Although it might not be that easy to admit, but the truth is that a smelly cheese is not always the one which has gone bad in your fridge. On the contrary, you may hear a queer gourmet praising its rich bouquet of fresh tastes veiled in a distinctive fume. This is the case when you should not judge a stinking cheese by its scent. Be ready to reveal the original flavors that make the odiferous stinkers just out of this world.
Generally the term “stinky” is used to denote a variety of cheeses referring to the washed rind family. It means that in the process of aging, which takes from 4 weeks to 4 months, a cheese is repeatedly dunked into a saltwater or alcohol (wine, beer, brandy, cider etc.) brine. The washing procedure adds some orange or reddish hues to the rind and creates a special environment on its surface, where the particular kind of bacteria grows. It is known as B.linens and it develops those complex and strong aromas of the stinkers. By the way, the same bacteria is responsible for the smell of human sweat, so it is not harmful. The more the cheese is rinsed, the more intensive odor and taste it will get. Despite their assertive barnyard smell, cheeses with washed rinds usually possess a wide well-balanced array of more delicate, though still pungent, flavors of nuts, mushrooms, grass, butter and fruit. The texture ranges from rather firm and granular to soft and runny.
The history of washed rind cheeses began in the Middle Ages. Monks were keeping the fast and abstaining meat. In its turn, cheese, made by monks themselves, was a great source of protein for them. The profit from selling it helped them run their monasteries. Following the tradition, Livarot cheese has been manufactured in French Normandy for about 600 years. Originally it was circled with rush leaves. Such natural wrapping gave the cheese its nickname “the Colonel”. Its paste is soft and springy, with tiny holes. The taste is a perfect combination of tangy nuttiness with salty and lemony hints.

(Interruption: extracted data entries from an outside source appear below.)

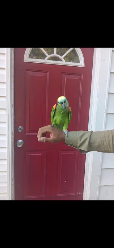 5 years old Male blue front Amazon , tame , sweet , handle able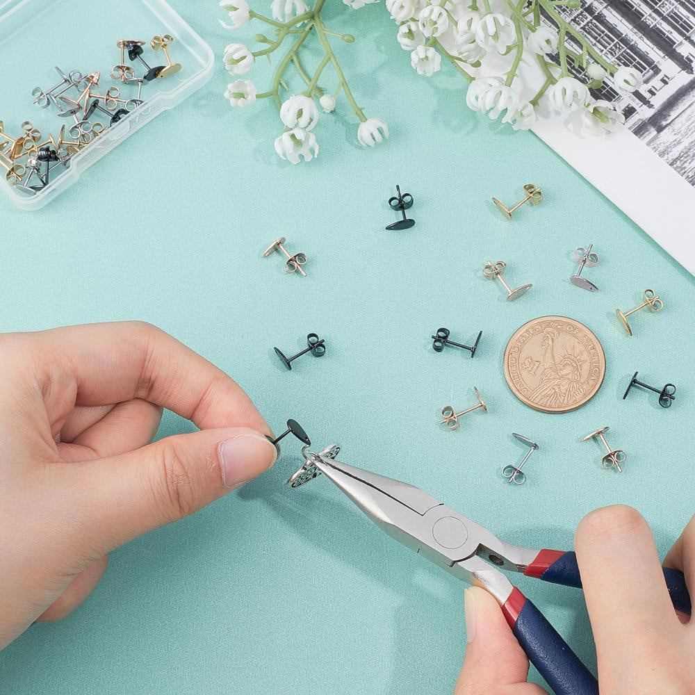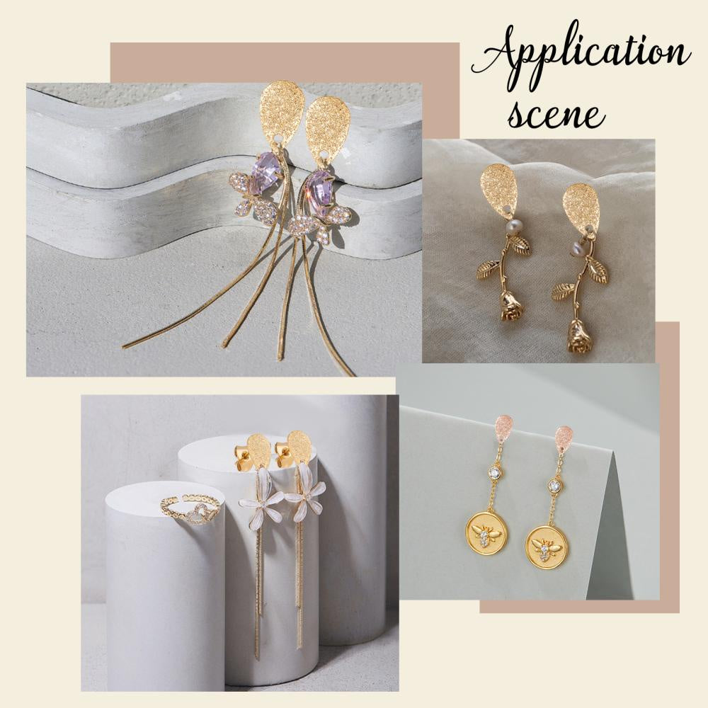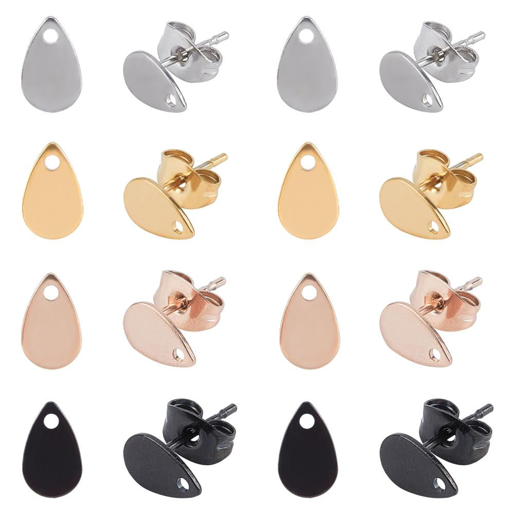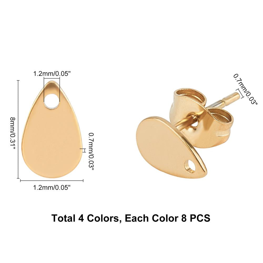 This box contains 32 earring findings with a flat teardrop plate in 4 different colors. Each piece measures 8x5x0.6mm with a hole of 1.2mm and pin of 0.7mm.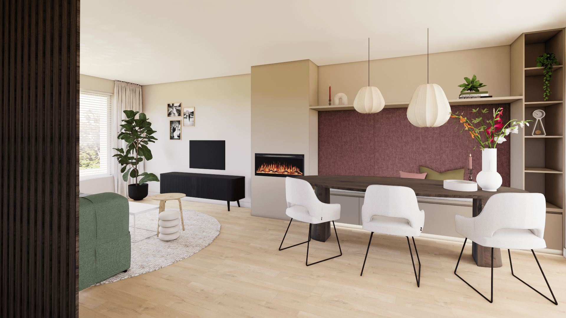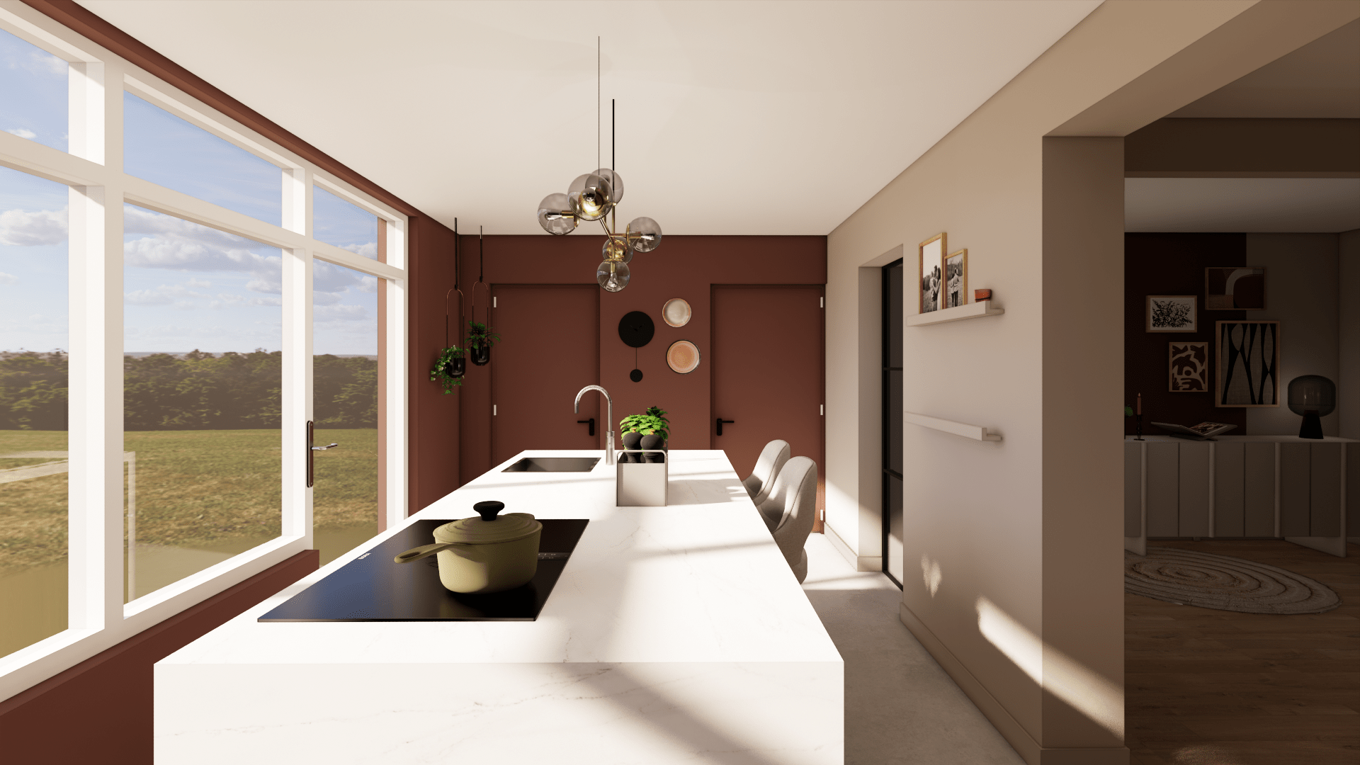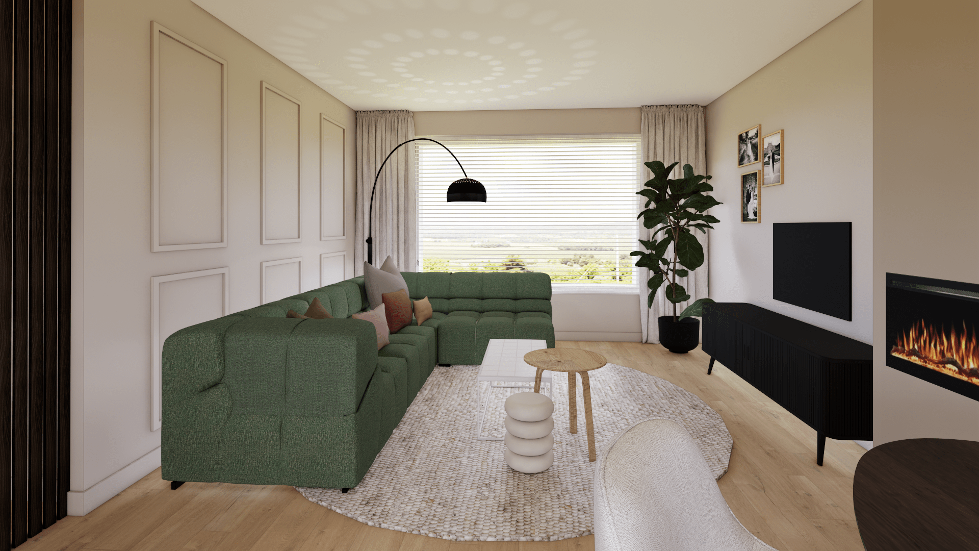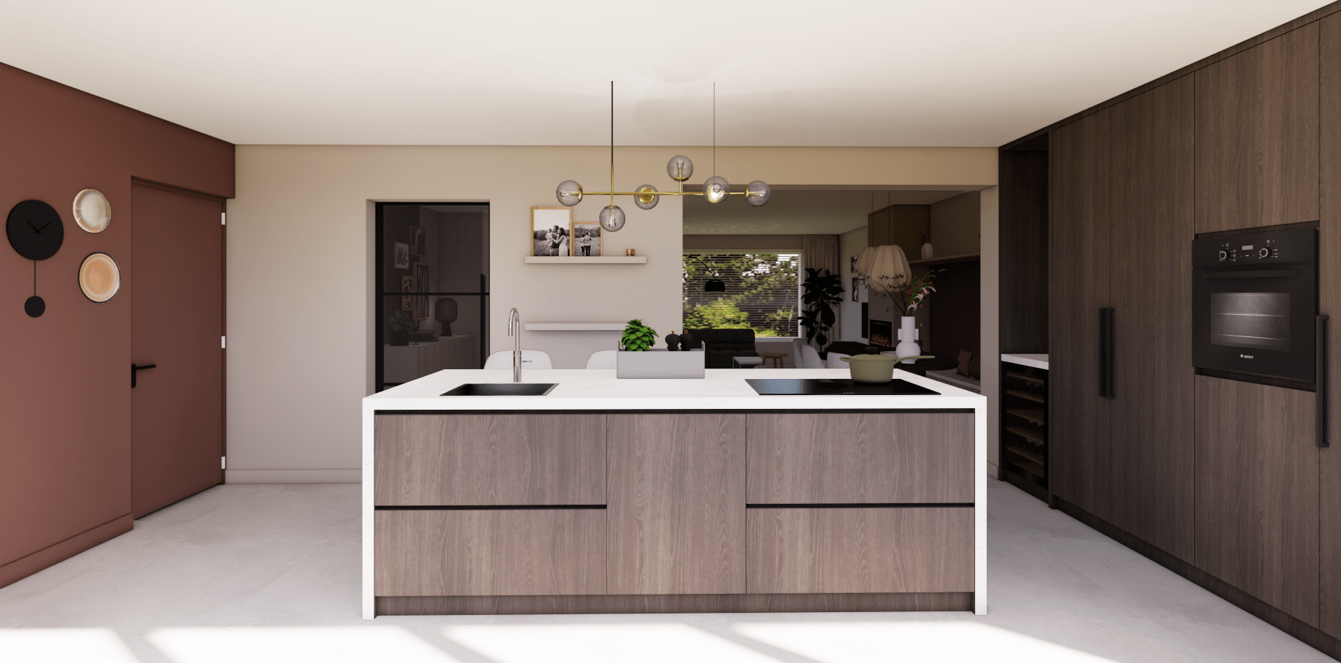 Een leuk stel uit Kelpen-Oler heeft mij gevraagd om een mooi interieurplan te maken voor hun nieuwe woning. Ze hadden samen een huis gekocht en waren net begonnen met de verbouwing. Precies op het goede moment hebben ze mij gevraagd of ik een 3D ontwerp wilde maken voor de hele benedenverdieping. Hier was het belangrijk dat het naast een strakke uitstraling, ook een gezellige sfeer heeft waar kleur terug komt.

Reblochon is a soft cow’s cheese from Savoie, France. The origins of its name trace back to the 13th century, when local herdsmen had to give the milk to their landlords. Smart folks gave away only a part of it and milked the cows for the second time or reblochaient after the controllers had left. The cheese is very subtle and creamy, with strong herbal smack. The French Reblochon cheese substitute in the US is called Fromage de Savoie made from pasteurized, not raw, milk.
French Morbier can be easily recognized by its decorative grey line made with natural vegetable dye, imitating the original layer of ash. The cheese has springy supple texture and dense creamy taste with fruity notes and bitterish aftertaste.
Chaumes cheese popularity both among children and adults is no surprise due to its fabulous flavor characteristics. Chaumes smells rather pungent, but it does not stink, and its odor enhances its outstanding meaty smack and rich nutty aftertaste.
Langres cheese is famous for its small size, cylindrical shape and an indentation or “fontaine”, as the French call it, at the top of the cheese, used to pour marc or champagne in it. The interior is creamy and unctuous. Langres tastes delicately salty, adding mellow fruity hues to the finish.